§ DATA UNDER STUDY
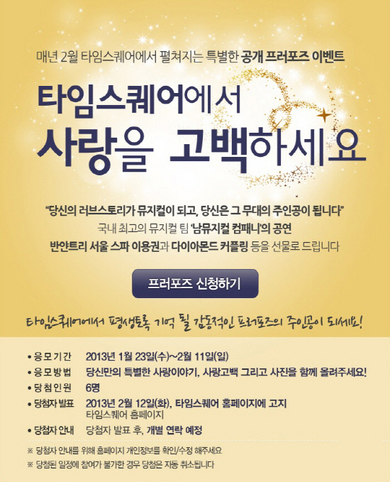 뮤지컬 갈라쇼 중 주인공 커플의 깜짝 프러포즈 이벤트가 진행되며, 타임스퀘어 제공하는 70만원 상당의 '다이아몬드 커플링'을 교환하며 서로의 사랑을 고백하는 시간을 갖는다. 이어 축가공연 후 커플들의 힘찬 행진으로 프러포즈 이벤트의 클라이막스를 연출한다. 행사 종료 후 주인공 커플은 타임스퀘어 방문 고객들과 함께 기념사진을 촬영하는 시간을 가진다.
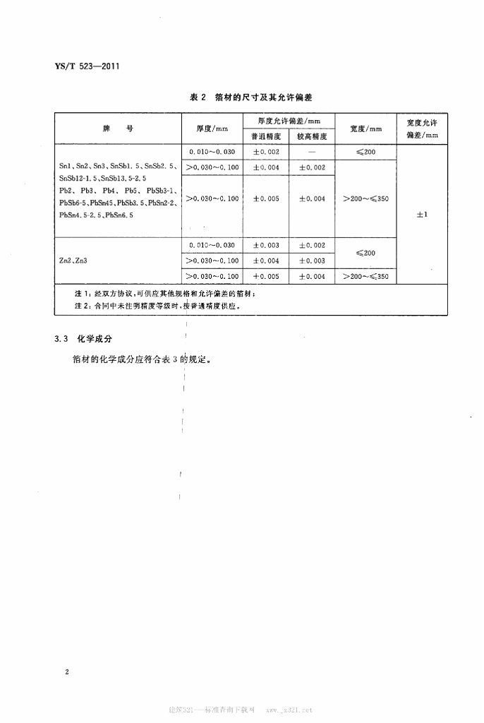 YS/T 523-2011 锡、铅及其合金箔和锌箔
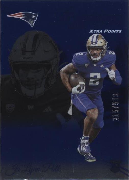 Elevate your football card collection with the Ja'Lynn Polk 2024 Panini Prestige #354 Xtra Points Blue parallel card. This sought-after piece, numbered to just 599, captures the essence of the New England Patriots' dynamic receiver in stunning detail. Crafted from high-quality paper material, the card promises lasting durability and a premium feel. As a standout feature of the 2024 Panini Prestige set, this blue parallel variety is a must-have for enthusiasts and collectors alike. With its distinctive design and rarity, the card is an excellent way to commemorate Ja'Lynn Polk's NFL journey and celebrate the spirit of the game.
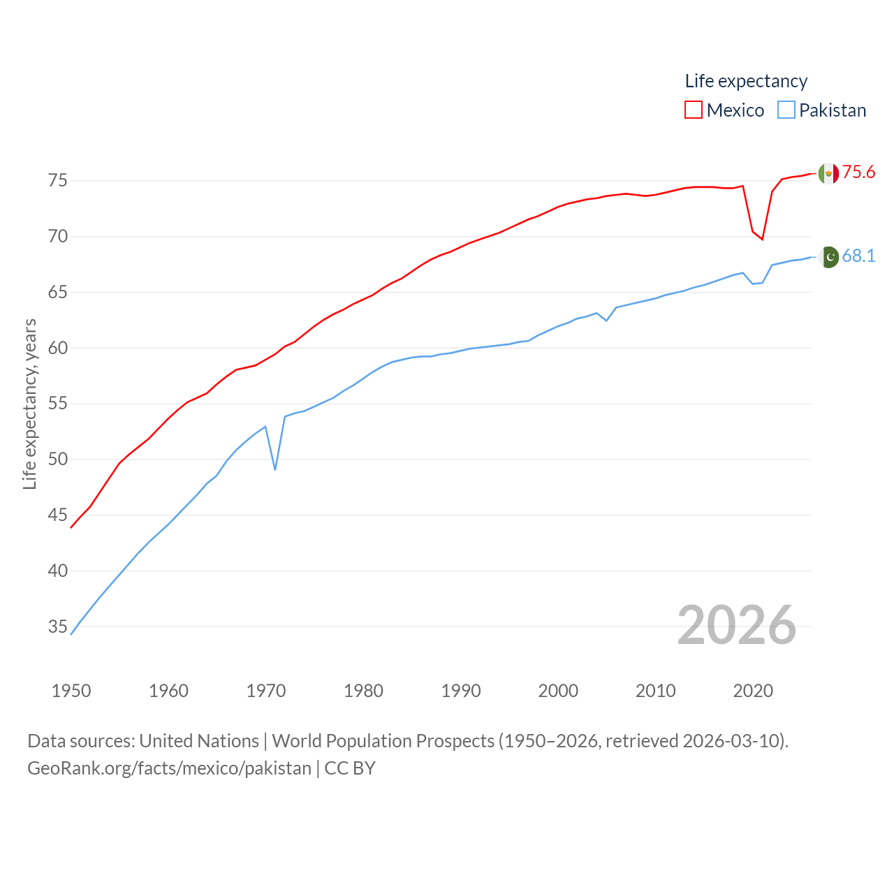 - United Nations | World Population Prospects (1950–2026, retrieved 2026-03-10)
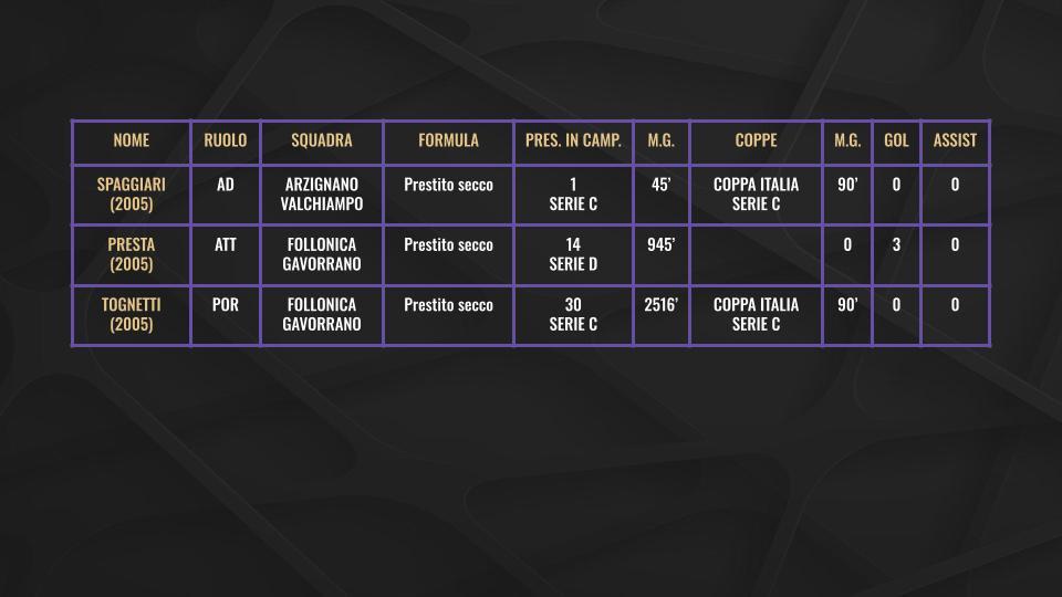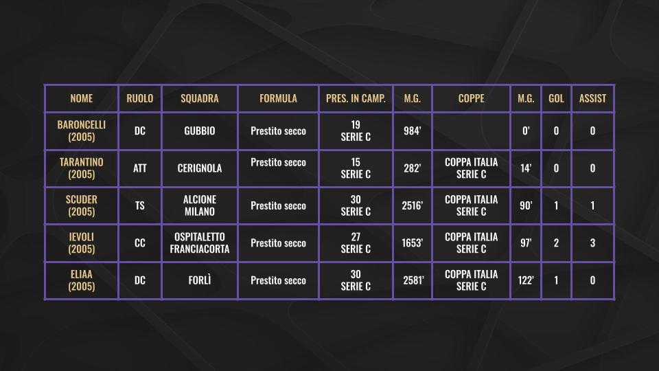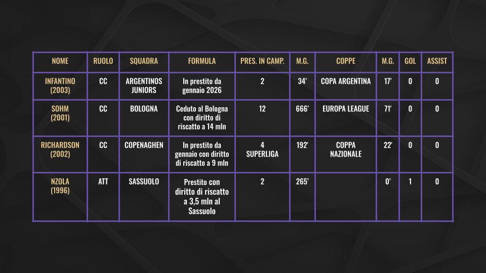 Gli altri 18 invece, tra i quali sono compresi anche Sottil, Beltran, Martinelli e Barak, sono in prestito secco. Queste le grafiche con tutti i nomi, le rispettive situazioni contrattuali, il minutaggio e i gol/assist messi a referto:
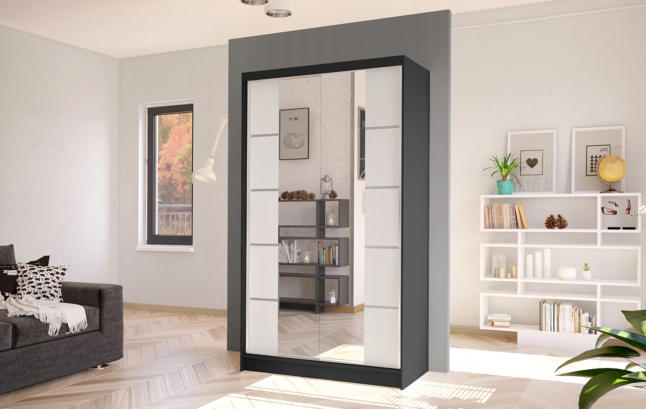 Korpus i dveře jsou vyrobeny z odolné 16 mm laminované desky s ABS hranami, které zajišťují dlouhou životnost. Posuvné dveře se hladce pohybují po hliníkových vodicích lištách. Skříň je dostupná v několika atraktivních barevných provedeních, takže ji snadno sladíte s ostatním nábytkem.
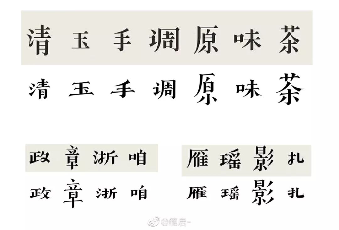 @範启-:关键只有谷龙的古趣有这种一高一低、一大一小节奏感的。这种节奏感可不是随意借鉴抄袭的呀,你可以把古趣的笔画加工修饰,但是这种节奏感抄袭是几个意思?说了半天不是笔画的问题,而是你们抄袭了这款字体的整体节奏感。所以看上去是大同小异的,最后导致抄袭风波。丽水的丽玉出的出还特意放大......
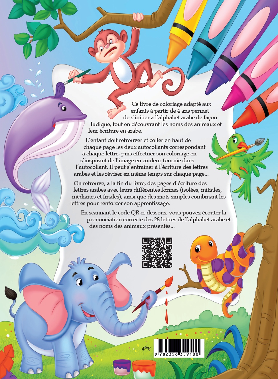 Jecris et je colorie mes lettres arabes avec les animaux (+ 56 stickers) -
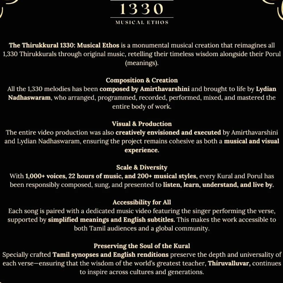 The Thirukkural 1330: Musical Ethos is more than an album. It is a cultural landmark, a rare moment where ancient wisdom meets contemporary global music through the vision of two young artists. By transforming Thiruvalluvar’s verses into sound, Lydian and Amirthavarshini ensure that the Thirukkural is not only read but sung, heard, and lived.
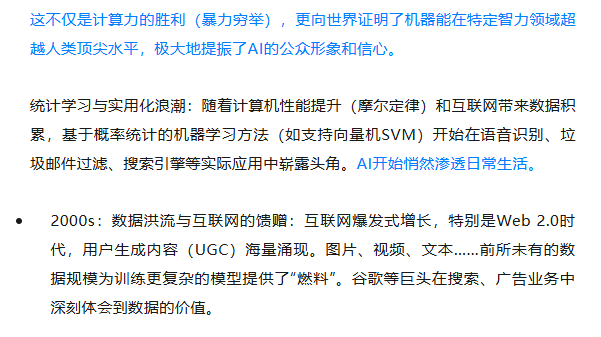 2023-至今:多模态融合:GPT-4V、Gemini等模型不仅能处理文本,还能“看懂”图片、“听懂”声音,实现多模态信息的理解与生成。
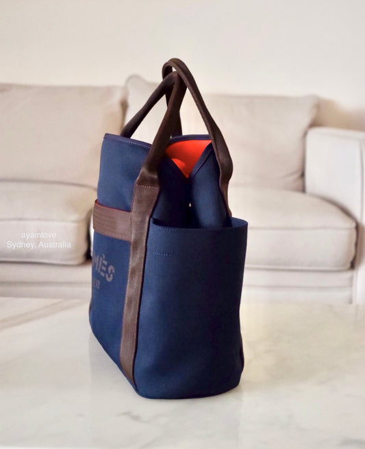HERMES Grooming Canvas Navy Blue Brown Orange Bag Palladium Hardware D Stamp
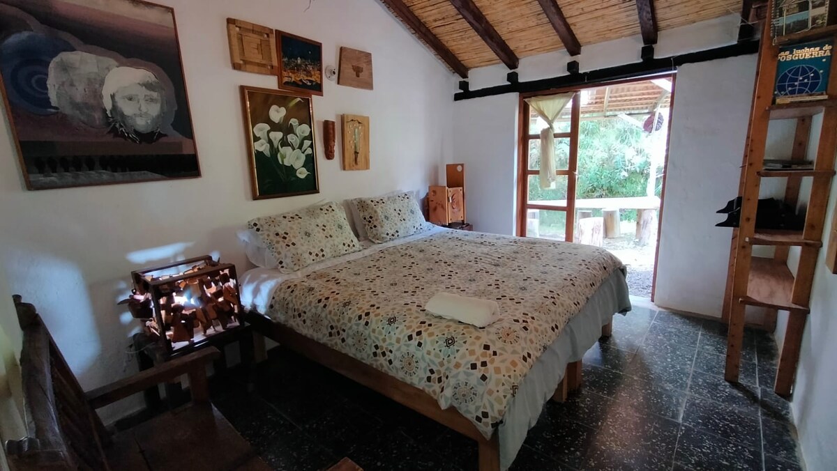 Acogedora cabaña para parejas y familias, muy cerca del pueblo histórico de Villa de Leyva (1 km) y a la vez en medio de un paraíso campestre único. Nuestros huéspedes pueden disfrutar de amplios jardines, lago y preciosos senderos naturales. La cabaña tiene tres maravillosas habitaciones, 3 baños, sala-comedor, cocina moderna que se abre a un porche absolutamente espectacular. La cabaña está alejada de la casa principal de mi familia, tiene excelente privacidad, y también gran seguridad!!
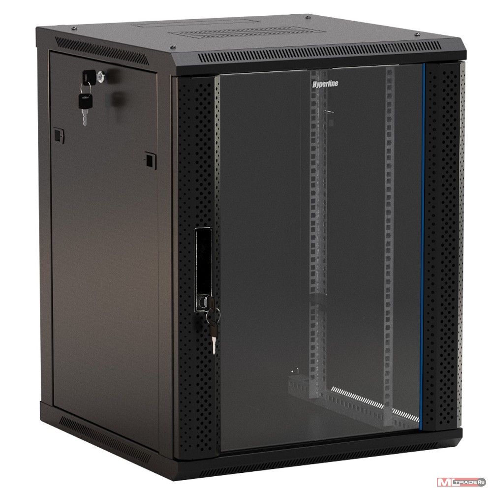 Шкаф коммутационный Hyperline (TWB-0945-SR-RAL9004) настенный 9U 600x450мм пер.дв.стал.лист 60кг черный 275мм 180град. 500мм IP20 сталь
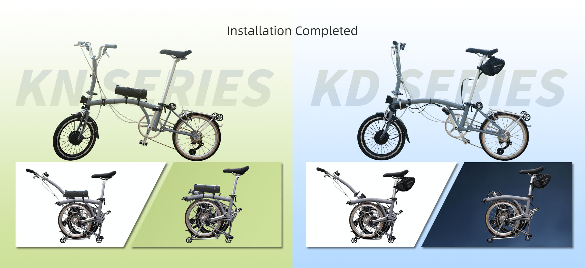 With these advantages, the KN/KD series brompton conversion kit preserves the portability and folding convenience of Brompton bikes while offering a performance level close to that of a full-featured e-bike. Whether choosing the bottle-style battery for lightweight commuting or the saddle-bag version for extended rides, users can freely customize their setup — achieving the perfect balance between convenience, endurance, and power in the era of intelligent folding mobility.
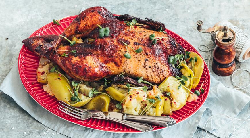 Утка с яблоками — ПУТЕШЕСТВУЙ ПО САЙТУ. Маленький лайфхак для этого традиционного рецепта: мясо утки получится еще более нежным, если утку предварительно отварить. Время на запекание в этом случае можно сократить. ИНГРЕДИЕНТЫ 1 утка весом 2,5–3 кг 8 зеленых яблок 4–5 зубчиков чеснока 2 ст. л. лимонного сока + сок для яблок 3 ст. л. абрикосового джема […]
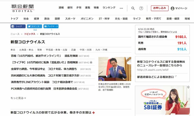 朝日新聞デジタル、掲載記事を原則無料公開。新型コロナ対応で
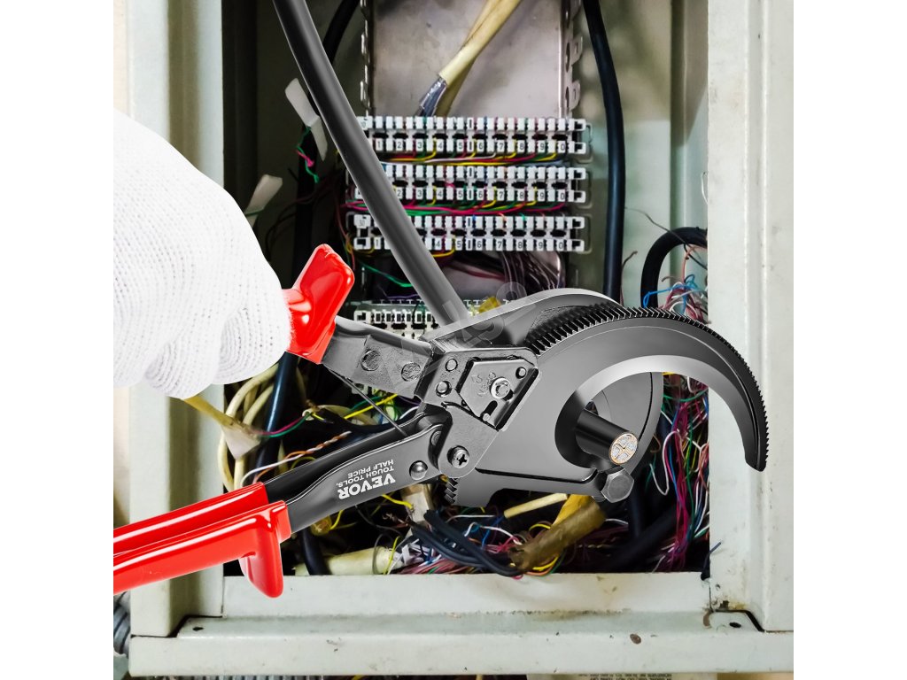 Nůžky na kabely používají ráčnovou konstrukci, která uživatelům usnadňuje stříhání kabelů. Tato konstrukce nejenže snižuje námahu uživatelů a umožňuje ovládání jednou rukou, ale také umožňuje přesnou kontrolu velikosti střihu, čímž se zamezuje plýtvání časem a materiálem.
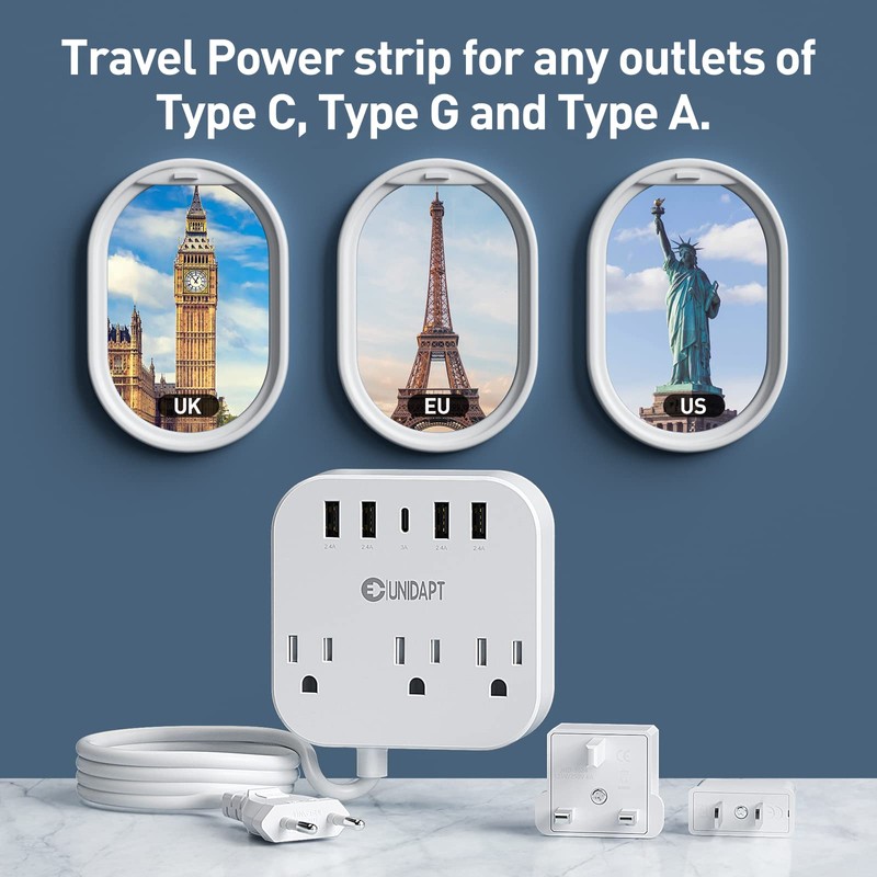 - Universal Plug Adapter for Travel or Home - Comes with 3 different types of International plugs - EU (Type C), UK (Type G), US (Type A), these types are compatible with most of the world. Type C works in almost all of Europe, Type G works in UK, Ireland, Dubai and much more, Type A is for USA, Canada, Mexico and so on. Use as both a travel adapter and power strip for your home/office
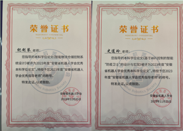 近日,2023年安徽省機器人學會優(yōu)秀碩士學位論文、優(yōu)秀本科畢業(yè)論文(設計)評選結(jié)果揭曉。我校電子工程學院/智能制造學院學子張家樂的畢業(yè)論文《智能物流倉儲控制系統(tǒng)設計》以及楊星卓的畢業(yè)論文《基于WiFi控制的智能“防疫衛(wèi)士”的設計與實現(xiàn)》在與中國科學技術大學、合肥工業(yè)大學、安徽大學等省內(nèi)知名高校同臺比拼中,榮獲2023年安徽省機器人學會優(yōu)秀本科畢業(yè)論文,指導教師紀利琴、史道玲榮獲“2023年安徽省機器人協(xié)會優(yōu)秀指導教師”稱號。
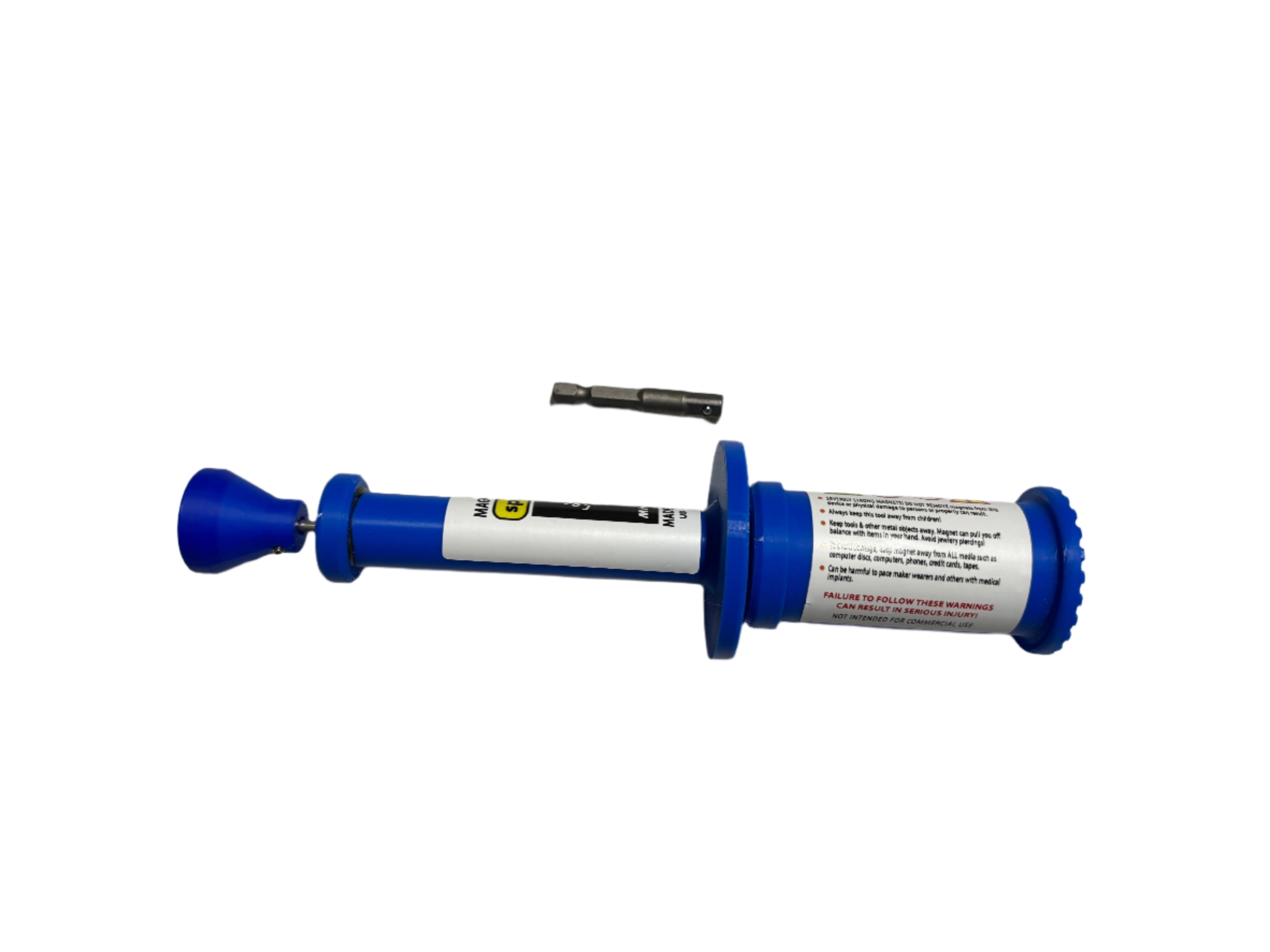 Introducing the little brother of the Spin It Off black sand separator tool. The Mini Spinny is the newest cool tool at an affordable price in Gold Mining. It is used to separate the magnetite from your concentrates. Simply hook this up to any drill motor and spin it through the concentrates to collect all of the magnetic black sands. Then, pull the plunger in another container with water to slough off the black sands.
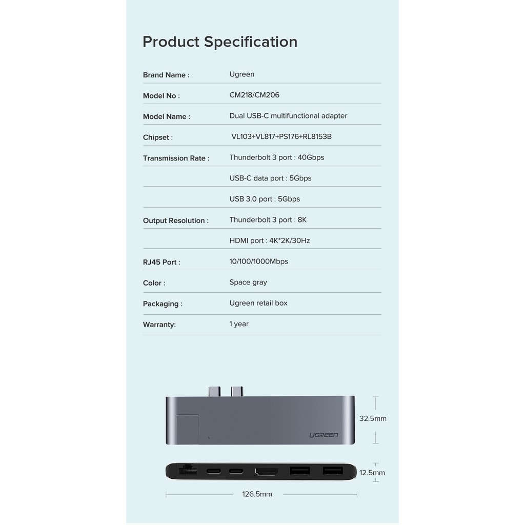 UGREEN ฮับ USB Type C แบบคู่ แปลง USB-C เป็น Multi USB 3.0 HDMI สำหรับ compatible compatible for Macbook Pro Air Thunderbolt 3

§ WORK ORDER
The reply should hold an exact repeat of the entries from their opening line through the line with "YS/T 523-2011 锡、铅及其合金箔和锌箔", and no pictures at all.

§ EXERCISE OUTPUT
 뮤지컬 갈라쇼 중 주인공 커플의 깜짝 프러포즈 이벤트가 진행되며, 타임스퀘어 제공하는 70만원 상당의 '다이아몬드 커플링'을 교환하며 서로의 사랑을 고백하는 시간을 갖는다. 이어 축가공연 후 커플들의 힘찬 행진으로 프러포즈 이벤트의 클라이막스를 연출한다. 행사 종료 후 주인공 커플은 타임스퀘어 방문 고객들과 함께 기념사진을 촬영하는 시간을 가진다.
 YS/T 523-2011 锡、铅及其合金箔和锌箔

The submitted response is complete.